Supreme Court avoids Catholic religious freedom case

The United States Supreme Court on Monday declined to consider the appeal of Catholic and other religious groups seeking an exemption from a New York law mandating the funding of contraceptives in employee insurance programs, the International Herald-Tribune reports.

Catholic Charities in Albany and eight other Catholic and Baptist organizations sought to overturn the New York State’s Court of Appeals decision to deny their exemption from the law.

Sponsors of the New York law, passed in 2002, justified it as a democratic measure.  Typical employee health plans excluded contraceptive coverage, the cost of which was unequally borne by women.

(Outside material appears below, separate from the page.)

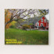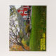 Profitez d'un peu de temps sur ce puzzle d'une petite maison rouge assise derrière un arbre incliné qui perd ses feuilles pendant la saison d'automne à Princeton, Terre-Neuve.

The law included an exemption for “religious employers,” but defined such employers as a non-profit organization that advances religious values, primarily employs people of its religious faith, and primarily serves those who share that faith.  Since Catholic Charities serves a “secular purpose,” does not proselytize, and discriminates neither in its employment practices nor in its choice of clients, it did not qualify for this exemption. 

Catholic Charities and its co-plaintiffs did not argue the specifics of these qualifications.  Instead they claimed that the state was unjustly attempting to “coerce a church entity to finance private conduct that the church teaches is morally wrong,” thus violating First Amendment protections of the free exercise of religion.